Repensando a dinâmica do feminismo

Intelectual dedicada aos estudos dos movimentos sociais e seus desdobramentos, professora e pesquisadora de psicologia social (UFMG e Centro Universitário UNA-BH), poeta, consultora, psicanalista. Lúcia Afonso foi uma das feministas a publicar no livreto impresso e uma das mineiras a se apresentar nas mesas do seminário de 1975 – “Mulher Brasileira em Debate” -, o primeiro seminário feminista realizado em Minas. Em seu depoimento, Lúcia Afonso não se furta ao debate e à crítica, fazendo reflexões muito autorais a respeito dos rumos tomados pelo movimento feminista brasileiro. Também conta um pouco de sua participação nos debates históricos e pesquisas que inauguraram o feminismo nos anos 70 e 80 em Minas.

Carmem Rodrigues (CR): Quando você participou do seminário feminista de 1975, em Beagá, estava estudando na UFMG?

Lucia Afonso (LA): Em 1975 eu já estava na universidade, eu era estudante de psicologia e muito enfronhada no movimento estudantil, nos movimentos culturais da época. Então eu participei de mesa-redonda no seminário “Mulher Brasileira em Debate”. E também participei na escrita de textos, que depois vieram a ser publicados; principalmente invocando o lugar político da mulher, da repressão sexual à mulher e também um texto sobre homossexualidade – um texto de denúncia praticamente da repressão da sexualidade  e do preconceito e da discriminação. 

Eu acredito que era um momento em que a Ditadura (1964-1985) ainda não tinha terminado, mas ela estava estertorando. Com a diminuição do poder ditatorial, acredito que muitas outras questões da sociedade começavam a pipocar, começavam a ter voz, começavam a ter lugar.

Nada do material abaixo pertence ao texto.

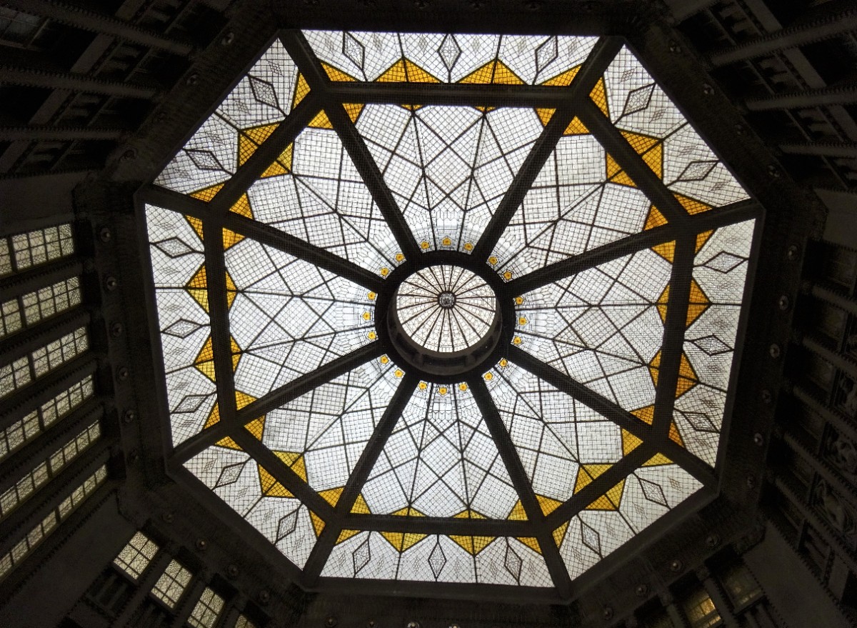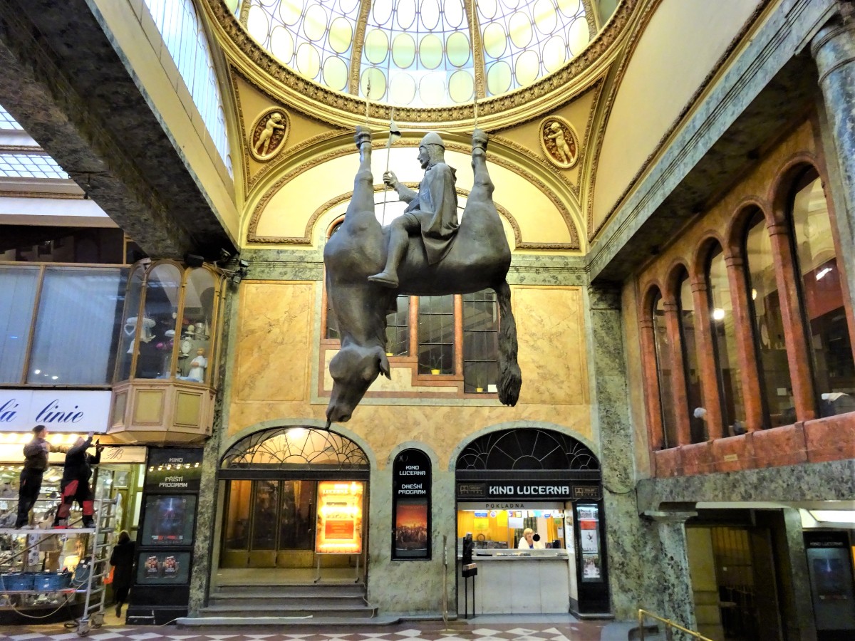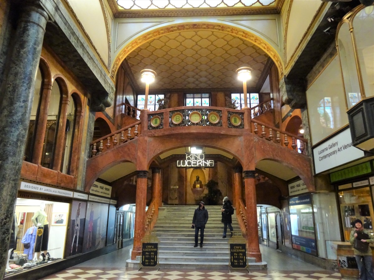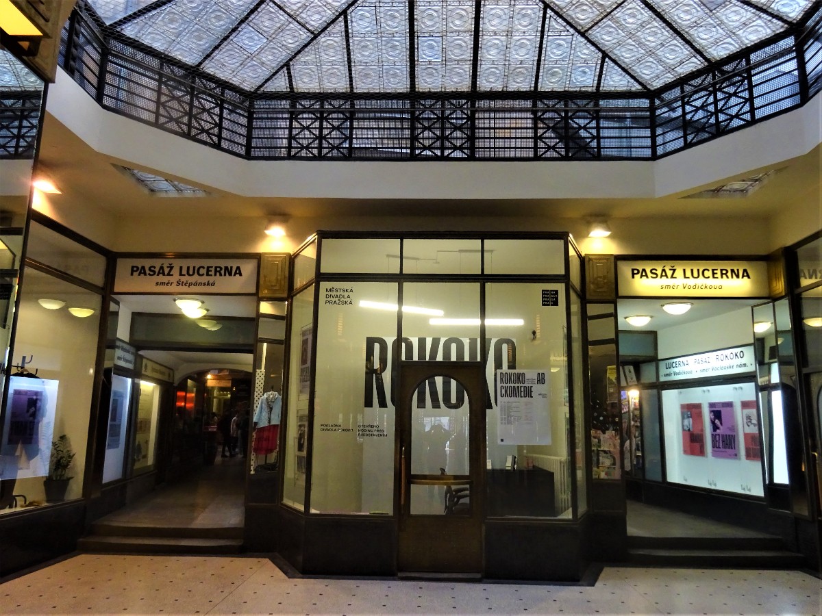 Pasáž secesního paláce Lucerna byla první pasáž v Praze. Stavba paláce začala již v roce 1907, pokračovala v několika etapách až do roku 1921. Budova je životním odkazem stavitele Vácslava Havla, dědečka bývalého prezidenta, Praze. Systém pasáží v Lucerně je pravděpodobně největší a nejzajímavější. Propojuje Vodičkovu a Štěpánskou ulici. V pasáži se nachází kino v secesním stylu, několik obchodů a barů. V atriu uprostřed pasáže visí socha výtvarníka Davida Černého – parodie na rytířský pomník sv. Václava. Lucerna je památkově chráněný komplex. V době, kdy jsem fotila, se palác zvenku opravoval, byl přikryt plachtou. Fotografie vchodu do pasáže je proto ze Štěpánské ulice.

Então, eu acho que havia ali um se articular naqueles espaços possíveis, não é? Mas também havia certa dificuldade de ir além desses espaços possíveis. Então eu vou te dar um exemplo: já na segunda metade da década de 70 havia também a organização do Movimento Feminino Pela Anistia (MFPA) (1) e houve uma grande dificuldade de comunicação entre o Movimento Feminista e o MFPA. Não porque o MFPA fosse contra os direitos da mulher, mas o foco de cada um era diferente. Era como se fosse assim: “Então se você não encampa a demanda pelos direitos da mulher, a gente não vai militar no movimento feminino.” Estou dizendo isso porque eu militei nos dois. E no MFPA havia essa coisa de “não dá pra tratar dessa questão agora” – não dá pra tratar dos direitos da mulher agora até porque, na época, havia uma preocupação muito grande com diversas questões ligadas aos direitos da mulher. Havia uma certa espontaneidade não só do organismo, uma certa espontaneidade no movimento, trazendo demandas em torno da questão da sexualidade, da liberdade, da discussão sobre o aborto, da discussão sobre a igualdade no mundo do trabalho, da discussão sobre a igualdade no mundo da educação. Já havia várias demandas na área da saúde, não é? Ou seja, havia diversas demandas pipocando. E não se colocava ainda a questão de que você deveria reduzir as suas demandas para poder fazer qualquer articulação com outros movimentos sociais.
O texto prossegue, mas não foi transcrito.